§ To do: As the answer, set down the lines below from the one containing "Bricfeasta leis an" through the one containing "Bhí baill BELC", exactly and inclusively, and no others.

§ Given records:

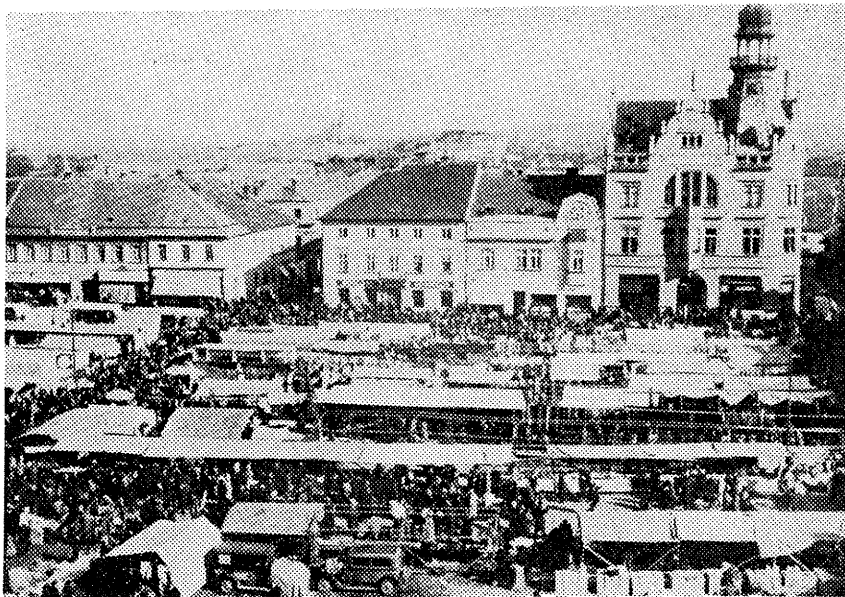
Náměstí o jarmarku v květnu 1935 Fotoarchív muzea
--
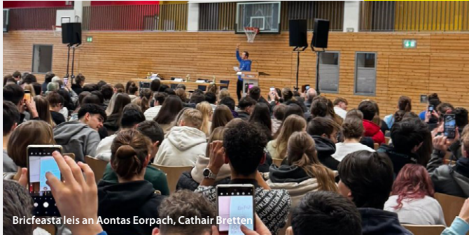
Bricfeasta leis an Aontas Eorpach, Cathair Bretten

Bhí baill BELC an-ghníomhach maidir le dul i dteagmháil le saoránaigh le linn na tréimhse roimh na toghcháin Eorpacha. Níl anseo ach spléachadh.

§ Exercise result:
Bricfeasta leis an Aontas Eorpach, Cathair Bretten

Bhí baill BELC an-ghníomhach maidir le dul i dteagmháil le saoránaigh le linn na tréimhse roimh na toghcháin Eorpacha. Níl anseo ach spléachadh.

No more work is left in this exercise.